Patent Application
20090170971
1. Field of the Invention
The present invention relates to a method for manufacturing a starch foam.
2. Description of the Related Art
The Waste Electrical and Electronic Equipment (WEEE) Directive (European Community directive 2002/96/EC) and the Restriction of Hazardous Substance (ROHS) Directive (European Community directive 2002/95/EC) have been published by European Union (EU) since 2003, and obliges EU member states to transpose its provisions into national law for setting collection, recycling and recovery targets for all types of electrical goods. As of July 2006, the maximum weight for substances of lead, mercury, cadmium, chromium (VI), polybrominated biphenyls (PBB) and polybrominated diphenyl ethers(PBDE) are prohibited by the RoHS Directive. If the substances of the electronic equipments exceed the limit, the electronic equipments can not be imported into the EU member states. Manufacturing products in consideration of environmental consciousness (or so-called “green products”) is a major subject for the manufacturing industry. For green products, all parts of a product must conform to the proper directives. As such, manufacturing techniques specifically geared toward green products have increased demand due to environmental consciousness.
With conventional plastics seldom self-decomposing, they cause environmental issues when discarded. Thus, degradable plastics have been imported, researched and manufactured in many countries. Recently, developed countries have increased research for eco-materials, such as environmental friendly materials. Meanwhile, cheap materials, such as PVC and EPS, are the main materials previously used for packaging. Since PVC contains chlorine, it causes an environment issue during its whole life cycle, such as during production, use, and when discarded. PVC is called a “poison plastic” by Greenpeace International, and is deemed not fit for environmental demands. Thus, PVC has been substituted by polyolefin. However, no suitable material has been developed, that would feasibly be a substitute for ESP. Thus, increased methods for manufacturing and modeling materials which can be popularly or specially applied have to be developed to meet demands for lower costs, recycling capabilities and environmental consciousness.
A method for manufacturing a starch foam is thus desirable.

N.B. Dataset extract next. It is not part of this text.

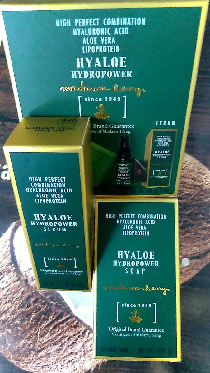 🌸Гиалуроновая сыворотка + мыло с алое и гиалуронкой, набор от Мадам Хенг Madame Heng HYaloe hydropower soap 80 gr + serum 30 ml 🌱Концентрированная сыворотка плюс увлажняющее нежное мыло для люкс ухода за кожей лица с силой трех омолаживающих компонентов – гиалуронка, алое вера и липопротеиновый комплекс для сбалансированного увлажнения, упругости и молодости кожи от тайского производителя Мадам Хенг. 🌱Тайская марка Мадам Хенг существует с 1949 г. и, за более чем 60 лет работы, зарекомендовала себя как производитель эффективных лечебных средств по уходу за кожей с натуральным составом. 🌱Омолаживающий кожу результат после использования концентрированной сыворотки и мыла Мадам Хенг не заставит себя долго ждать, очевидным будет: 🌱Уменьшение морщин. Супер увлажнение кожи, ровный красивый тон кожи, упругость и свежесть. Сужение пор, заживление прыщиков и ранок. Сосудистая сеточка (купероз) станет менее заметной. 🌱Способ применения гиалуроновой сыворотки Мадам Хенг Hyaloe: 🌱Очи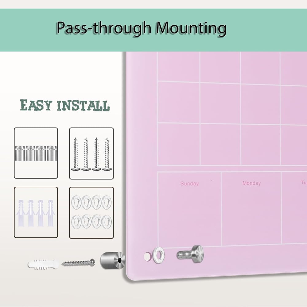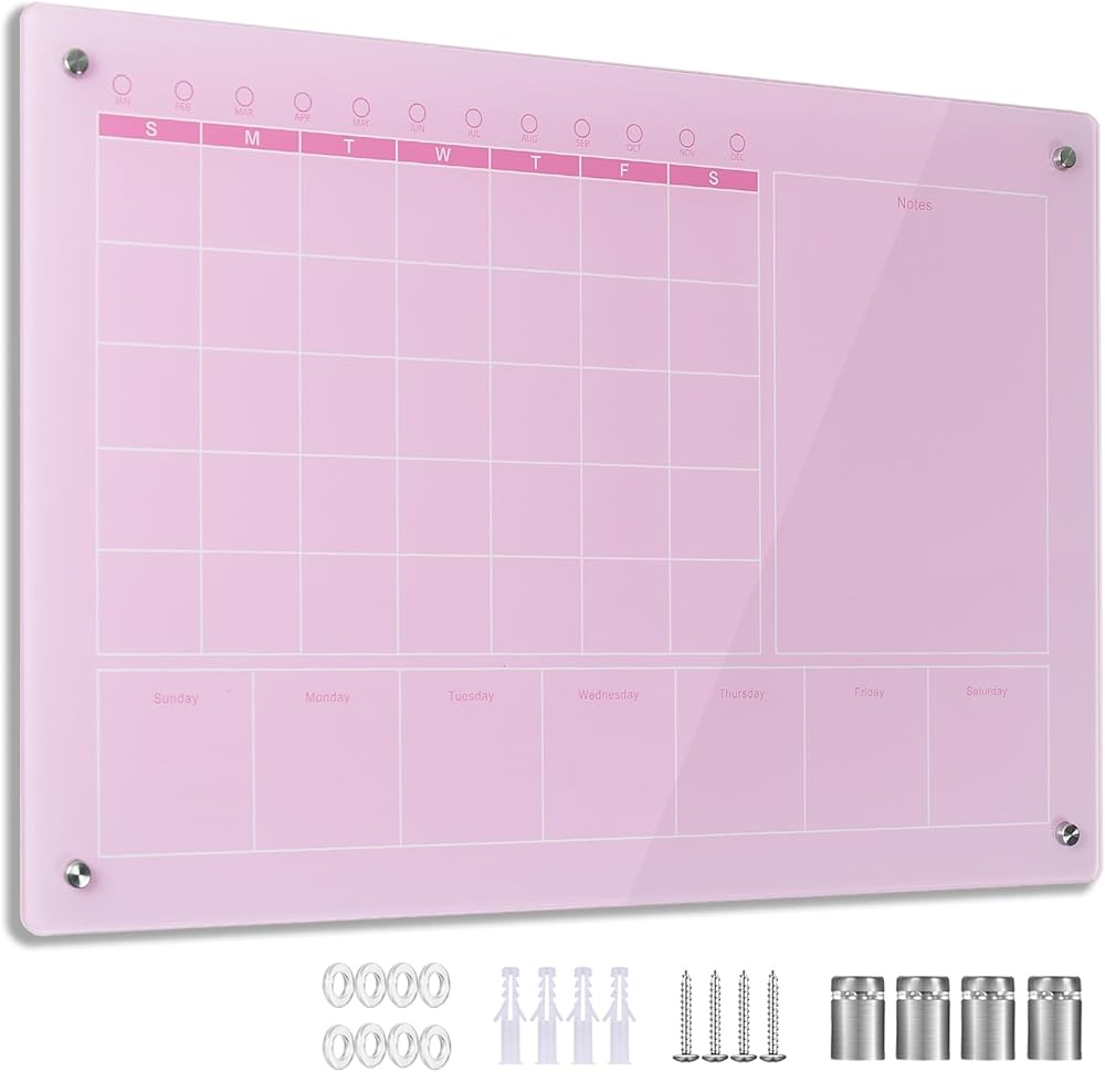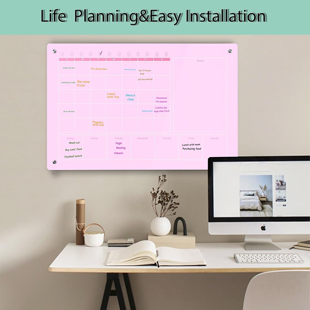 [Premium Quality] Acrylic wall calendar is 24"X16" in size and is made of high-quality transparent acrylic with a thickness of 1/5''. It is strong and durable and comes with 5 pairs of metal mounting accessories ( markers not included)

A detailed description is given in the following embodiments with reference to the accompanying drawings.
The invention provides a method for manufacturing a starch foam. An embodiment of a method for manufacturing a starch foam includes mixing a mixture to form a foamable mixture. The mixture includes a starch, a nucleating agent, and a foaming agent. The foamable mixture is foamed to form a foam.
Another embodiment of a method for manufacturing a starch foam includes mixing a mixture to form a foamable mixture. The mixture includes a cereal or a root crop, a nucleating agent, and a foaming agent. The foamable mixture is mold press foamed to form a foam.
Yet another embodiment of a method for manufacturing a starch foam includes mixing a mixture to form a foamable mixture. The mixture includes a cereal or a root crop, a nucleating agent, and a foaming agent. The foamable mixture is extrusion foamed to form a foam.
The present invention can be more fully understood by reading the subsequent detailed description and examples with references made to the accompanying drawings, wherein:
A method for manufacturing a starch foam of embodiments of the present invention is described in detail as follows. A mixture is mixed to form a foamable mixture. The mixture includes a starch, a nucleating agent, and a foaming agent. Then, the foamable mixture is foamed to form a foam. The starch includes a cereal or a root crop. The cereal includes rice, wheat, corn or other natural cereal plants. The root crop includes cassava, sweet potato, potato or other natural root crop plants. In addition to the cereal and the root crop, the starch also includes any plants having starch elements. The nucleating agent includes calcium carbonate, calcium hydroxide, silicate or other suitable nucleating agents. A weight of the nucleating agent is 0.1 to 20 based on a weight of the starch of 100. The foaming agent includes water, carbon dioxide, nitrogen, oxygen, air, alcohol or other suitable foaming agents. A weight of the foaming agent is 0.1 to 20 based on the weight of the starch of 100.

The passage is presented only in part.